Enough is enough already. Rules are rules and penalties are penalties, and they should be called as such.
We hear all kinds of things about why the games are called the way they are this time of year, from "they're just letting them play" to "the officials don't want to make a call that could determine the outcome of the game."
Well, isn't that their job? Not to determine the outcome but to make the calls. The official calling a penalty is not what could determine the outcome of the game; it was the player who committed the penalty.
Game Six of the Stars-Sharks series is a good example of how the officials in trying not to impact the outcome in fact did just the opposite.
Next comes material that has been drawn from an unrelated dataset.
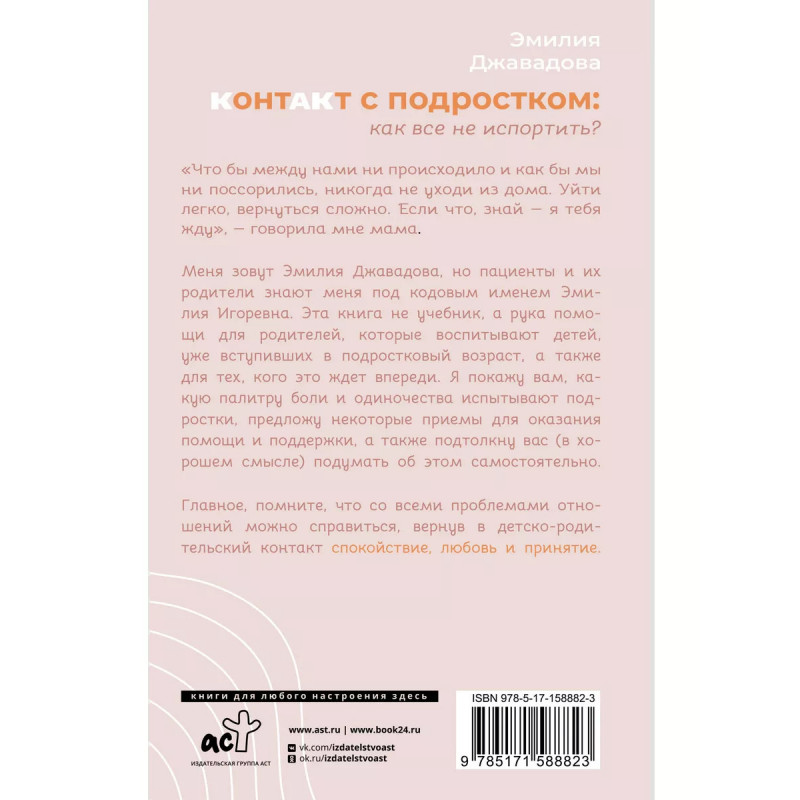 Контакт с подростком: как все не испортить. "Что бы между нами не происходило и как бы мы ни поссорились, никогда не уходи из дома. Уйти легко, вернуться сложно. Если что, знай - я тебя жду", - говорила мне мама. Меня зовут Эмилия Джавадова, но пациенты и их родители знают меня под кодовым именем Эмилия Игоревна. Этак книга не учебник, а рука помощи для родителей, которые воспитывают детей, уже вступивших в подростковый возраст, а также для тех, кого это ждет впереди. Я покажу вам, какую палитру боли и одиночества испытывают подростки, предложу некоторые приемы для оказания помощи и поддержки, а также подтолкну вас (в хорошем смысле) подумать об этом самостоятельно. Главное помните, что со всеми проблемами отношений можно справиться, вернув в детско-родительский контакт спокойствие, любовь и принятие.

From the middle of the second period until the early in the third overtime, there was not a single penalty called.
Basically, what this did was change the way the players were playing. The further along the game went, the nastier the scraps and later the hits. Now, there is nothing wrong with big hits, but three and four strides after the puck is gone is just late.
The penalty on Campbell that led to the Stars winning goal was a penalty. However, after all of the non-calls before it, everyone was stunned that it was called. Campbell may have even thought he could get away with it. After all it was just a little trip.
Don't get me wrong, even with four guys calling the game, things do simply get missed when none of them are looking that way. But there is a huge difference between a couple of missed calls and shoving the whistle in their pocket for 70 minutes.
In Game One of the Western Conference Finals between Dallas and Detroit, a call was made that put the Red Wings on a two-man advantage. That call has been heavily criticized. The argument is that while it could have been a penalty, it wasn't a bad one and to put a team on a five-on-three for that kind of call just isn't right.
Well, why not? Why isn't it right? Did the penalty occur or not? If it did, then what difference does it make if the team was already on a power play?
The players are professionals. They know the rules. If they break those rules, then call the penalty. To do otherwise, especially in an inconsistent way, is what really impacts the outcome of the games.